■ PROBLEM ■
Nothing but the pictures should be dropped; repeat the rest of the data below exactly.

■ DATA BLOCK ■

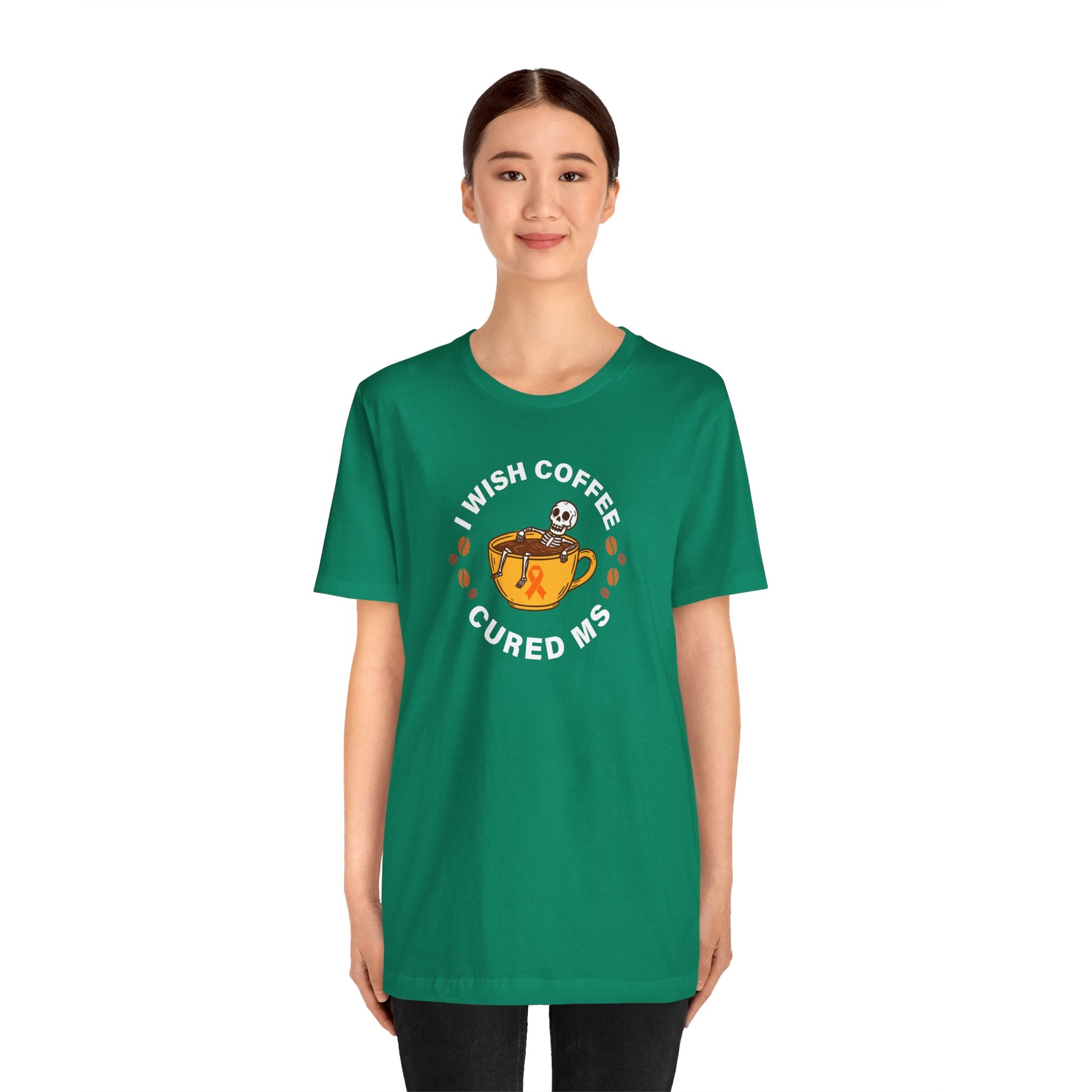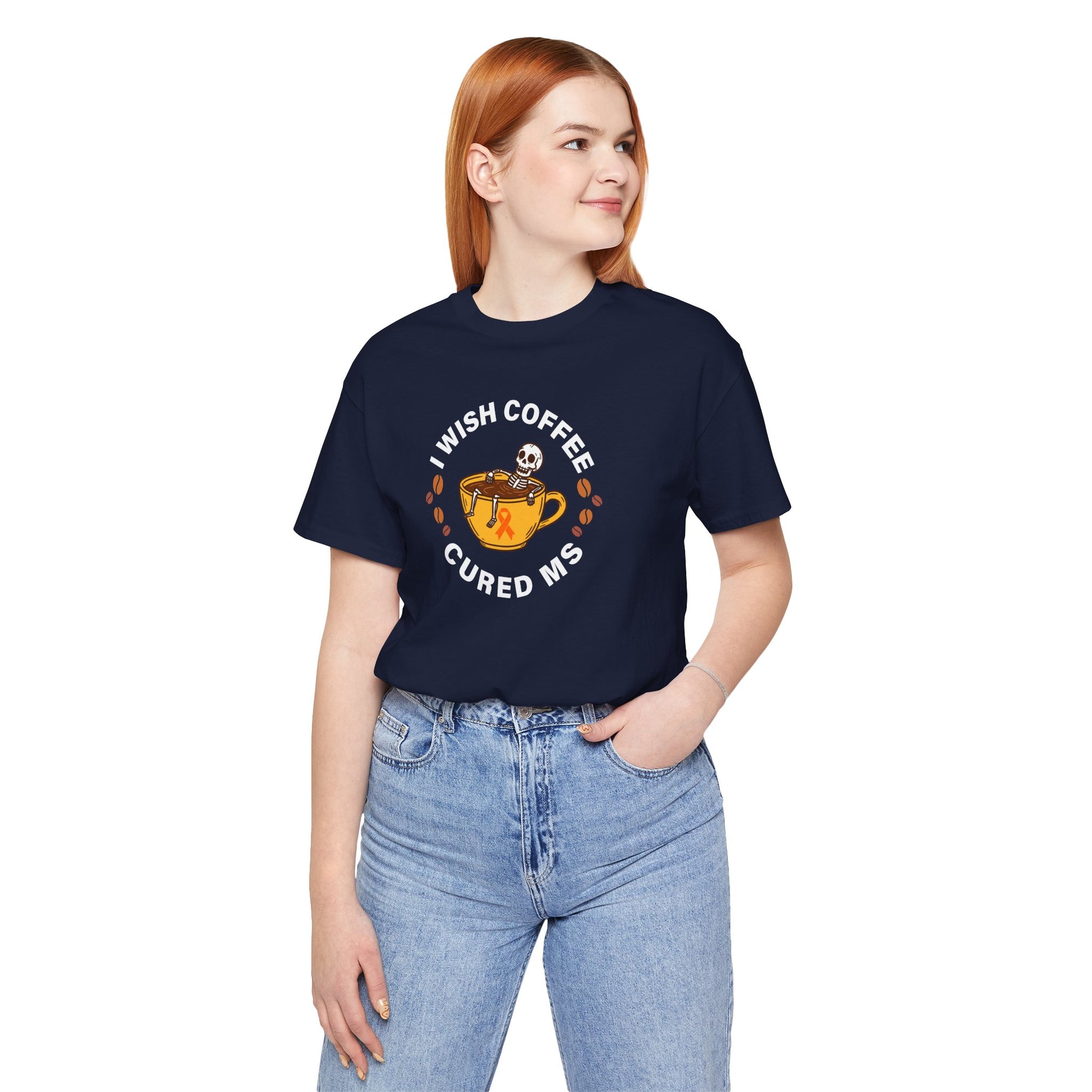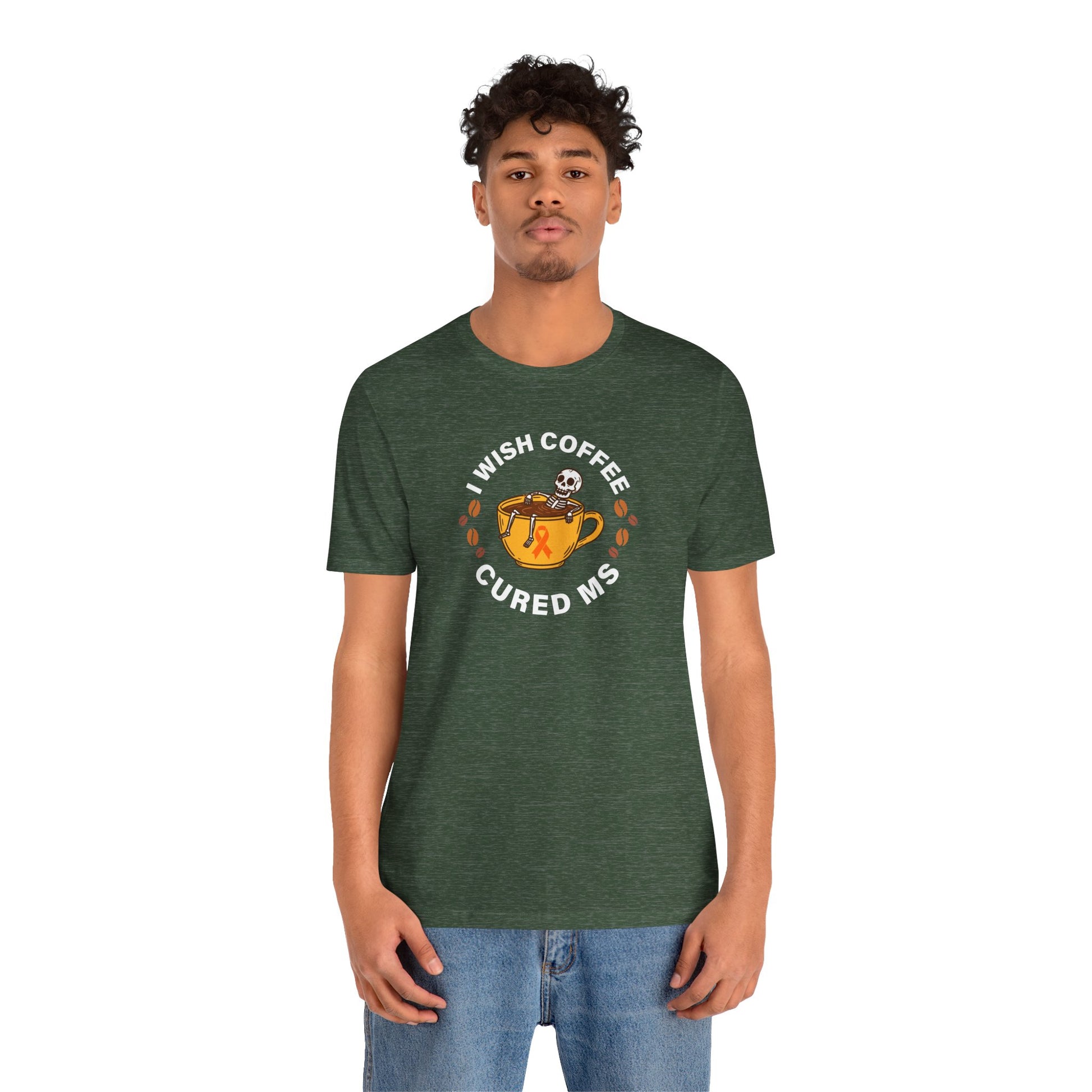 Cute I Wish COFFEE Cured MS - Adult Tee Multiple Sclerosis Awareness, Charity Shirt, Unisex, Gift for Supporters, Fundraising Apparel
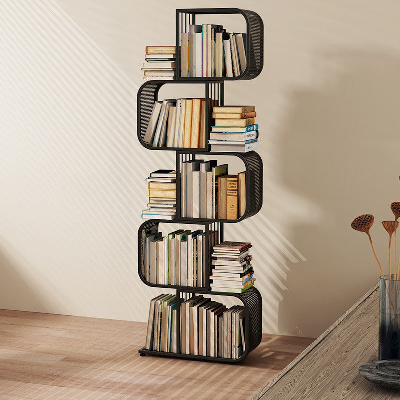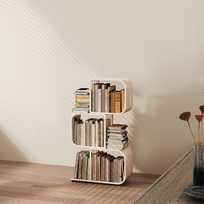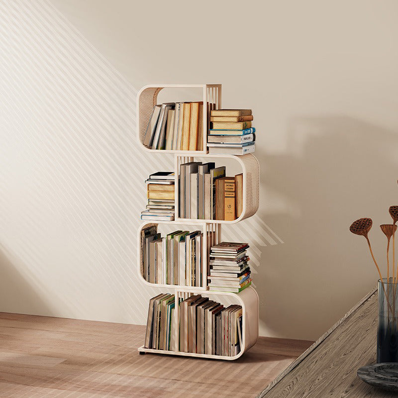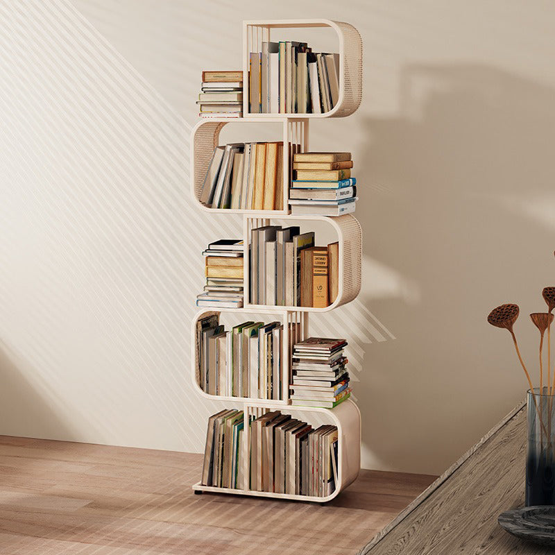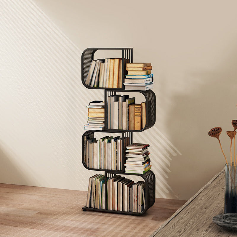 丸みのある曲線フォルムとオープン構造が、空間に軽やかでモダンな印象をもたらす本棚・ディスプレイラック。メタル素材のシャープさと柔らかなラインが洗練された雰囲気を演出します。
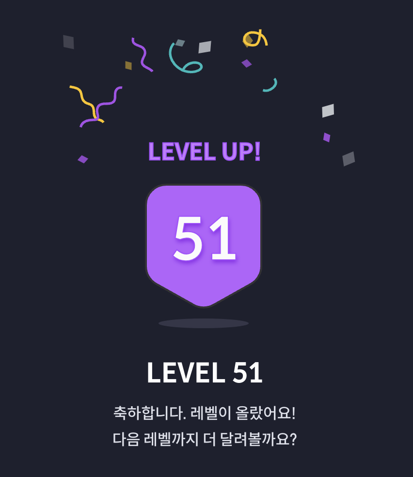 나는 코드잇이라는 사이트에서 강의를 들으며 코딩 공부를 하고 있는데 (여기서 공부한 내용을 정리해서 포스팅 하는 것) 강의를 듣다보니 어느 새 경험치가 쌓여서 51레벨이 되었다. 항상 레벨업 하는 순간을 캡처하고 싶었는데 빠르게 휘리릭 지나가서 쳐다만 보다가... 오늘은 리뉴얼이 되었는지 레벨업 화면이 사라지지 않아서 얼른 캡처를 했다ㅋㅋㅋ

■ RESULT BELOW ■
 Cute I Wish COFFEE Cured MS - Adult Tee Multiple Sclerosis Awareness, Charity Shirt, Unisex, Gift for Supporters, Fundraising Apparel
 丸みのある曲線フォルムとオープン構造が、空間に軽やかでモダンな印象をもたらす本棚・ディスプレイラック。メタル素材のシャープさと柔らかなラインが洗練された雰囲気を演出します。
 나는 코드잇이라는 사이트에서 강의를 들으며 코딩 공부를 하고 있는데 (여기서 공부한 내용을 정리해서 포스팅 하는 것) 강의를 듣다보니 어느 새 경험치가 쌓여서 51레벨이 되었다. 항상 레벨업 하는 순간을 캡처하고 싶었는데 빠르게 휘리릭 지나가서 쳐다만 보다가... 오늘은 리뉴얼이 되었는지 레벨업 화면이 사라지지 않아서 얼른 캡처를 했다ㅋㅋㅋ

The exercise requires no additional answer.